### Supplied data

◆ ◆ ◆ ◆ ◆ ◆ ◆

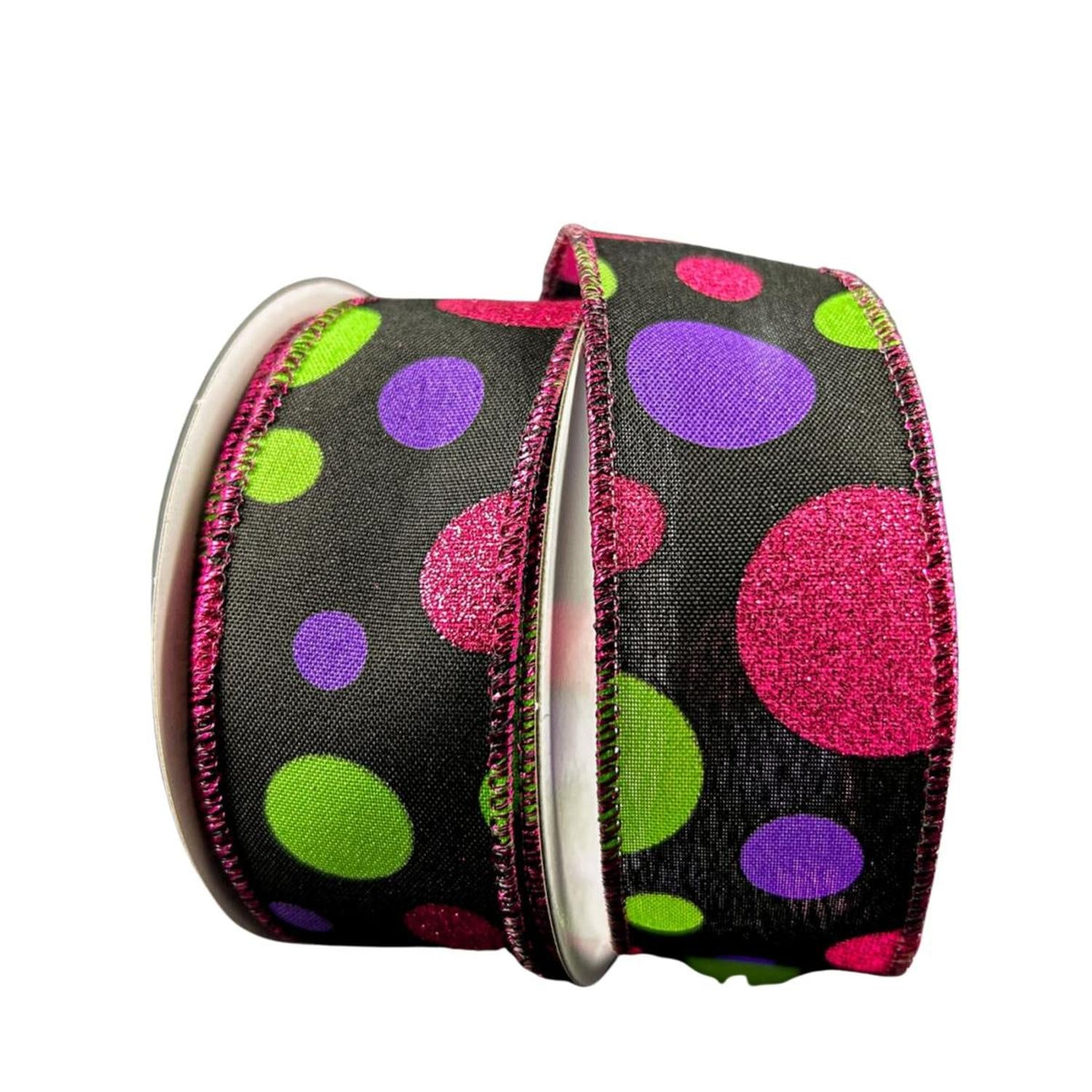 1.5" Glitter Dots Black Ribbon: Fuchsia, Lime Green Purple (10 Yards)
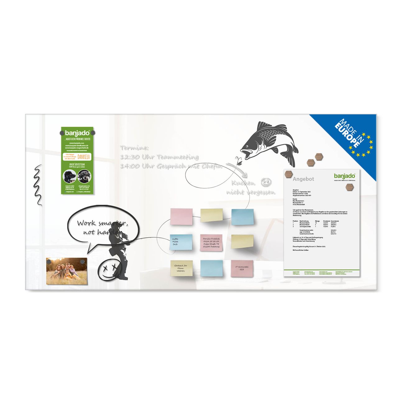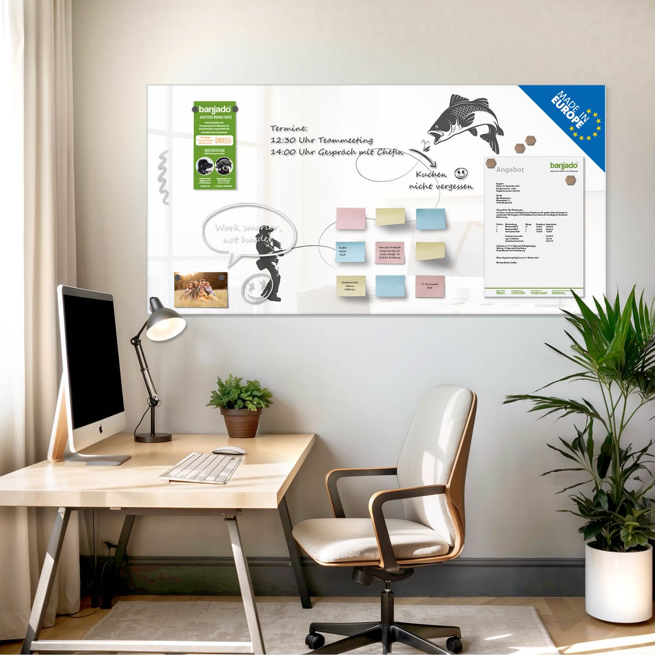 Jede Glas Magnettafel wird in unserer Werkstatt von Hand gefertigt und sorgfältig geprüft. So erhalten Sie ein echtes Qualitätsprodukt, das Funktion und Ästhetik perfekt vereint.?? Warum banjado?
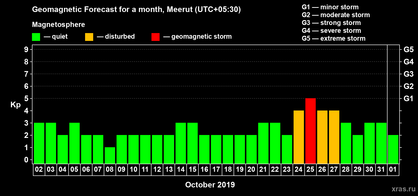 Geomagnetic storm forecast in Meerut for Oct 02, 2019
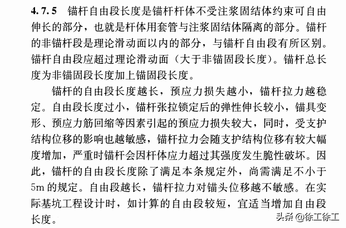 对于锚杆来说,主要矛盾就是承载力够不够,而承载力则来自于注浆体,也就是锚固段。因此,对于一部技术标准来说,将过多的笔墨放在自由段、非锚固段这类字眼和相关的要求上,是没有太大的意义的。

◆ ◆ ◆ ◆ ◆ ◆ ◆

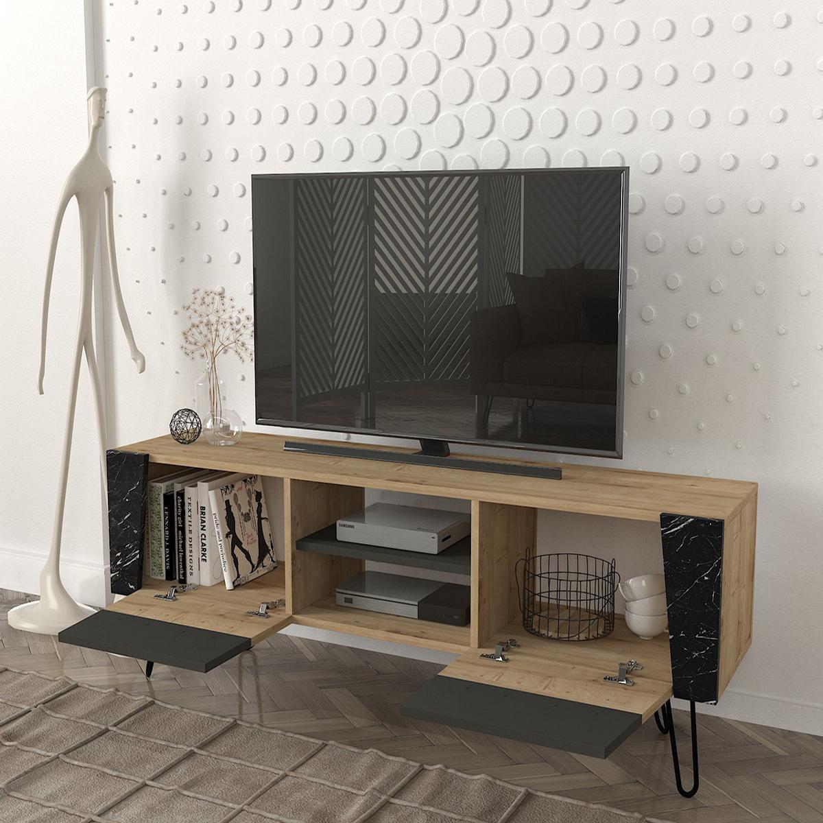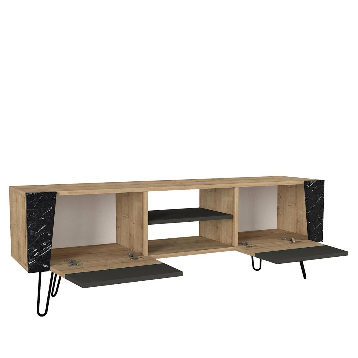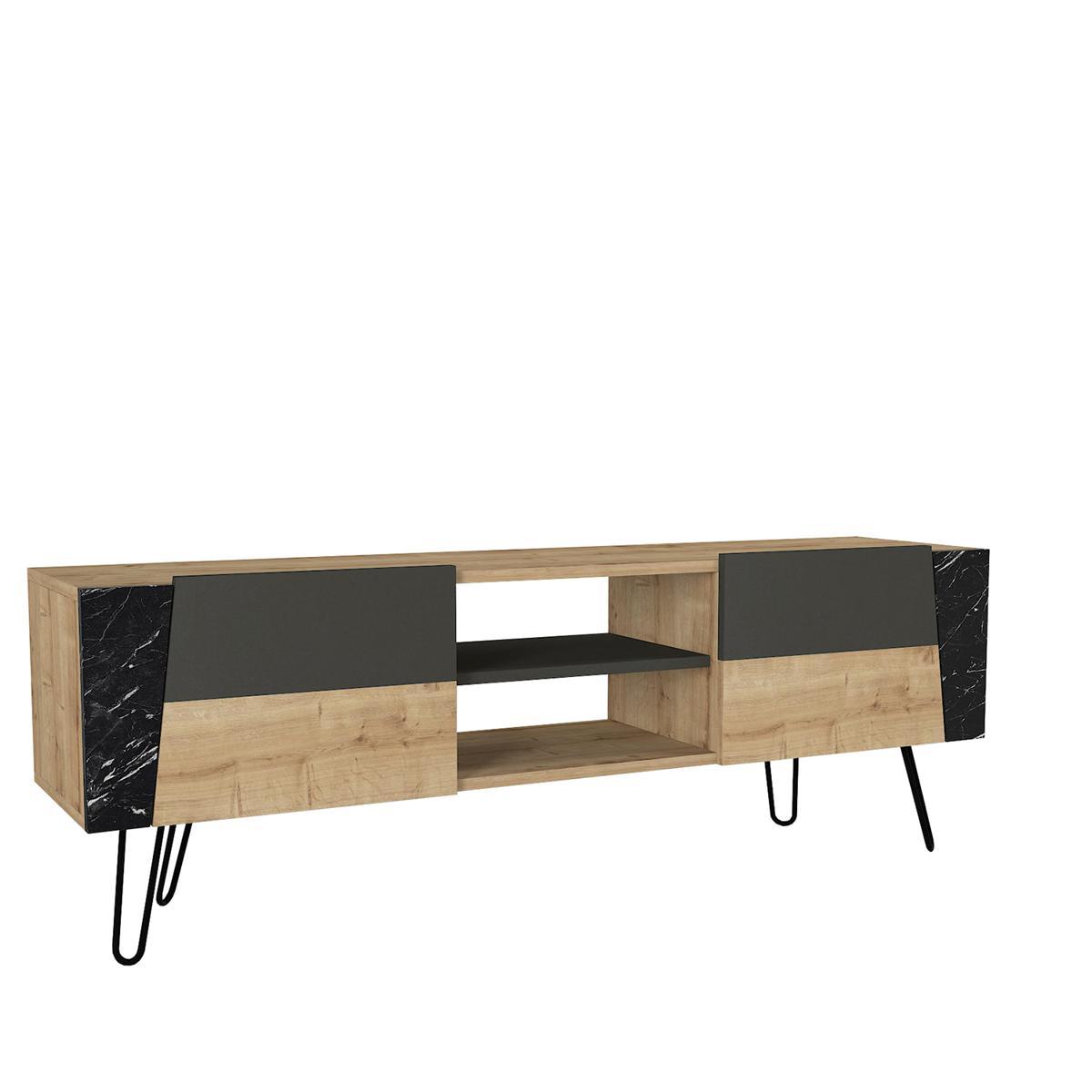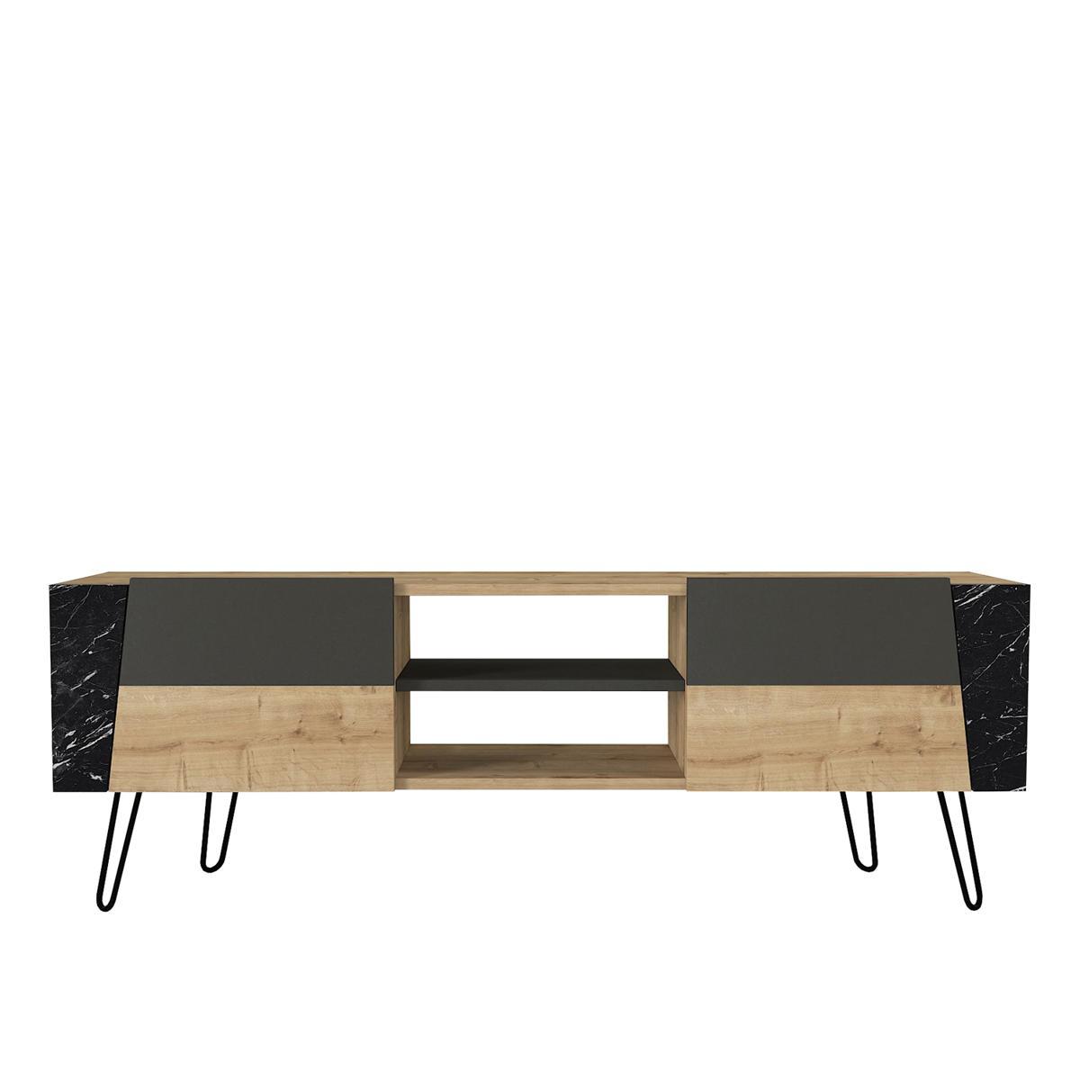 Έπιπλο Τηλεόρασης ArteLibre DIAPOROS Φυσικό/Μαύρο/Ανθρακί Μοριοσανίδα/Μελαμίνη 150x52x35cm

◆ ◆ ◆ ◆ ◆ ◆ ◆

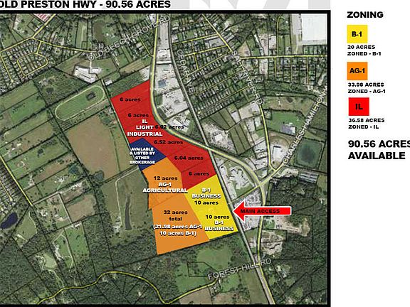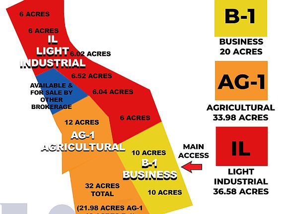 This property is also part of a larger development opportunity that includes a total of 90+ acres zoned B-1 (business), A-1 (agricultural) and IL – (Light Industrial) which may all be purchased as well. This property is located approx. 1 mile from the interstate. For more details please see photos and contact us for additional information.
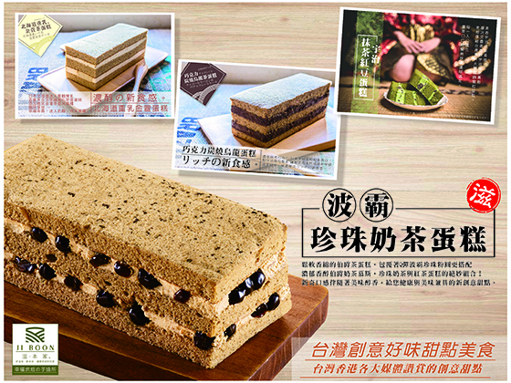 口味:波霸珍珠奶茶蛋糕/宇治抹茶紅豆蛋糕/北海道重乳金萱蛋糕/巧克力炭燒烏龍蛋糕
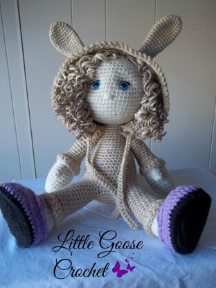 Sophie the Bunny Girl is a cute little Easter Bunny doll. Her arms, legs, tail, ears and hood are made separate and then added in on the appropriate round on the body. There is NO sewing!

◆ ◆ ◆ ◆ ◆ ◆ ◆

### Exercise
Above are some entries. Restate word for word the lines from the one holding "Purple (10 Yards)" through the one holding "对于锚杆来说,主要矛盾就是承", but not the pictures.

### Solution below
 1.5" Glitter Dots Black Ribbon: Fuchsia, Lime Green Purple (10 Yards)
 Jede Glas Magnettafel wird in unserer Werkstatt von Hand gefertigt und sorgfältig geprüft. So erhalten Sie ein echtes Qualitätsprodukt, das Funktion und Ästhetik perfekt vereint.?? Warum banjado?
 Geomagnetic storm forecast in Meerut for Oct 02, 2019
 对于锚杆来说,主要矛盾就是承载力够不够,而承载力则来自于注浆体,也就是锚固段。因此,对于一部技术标准来说,将过多的笔墨放在自由段、非锚固段这类字眼和相关的要求上,是没有太大的意义的。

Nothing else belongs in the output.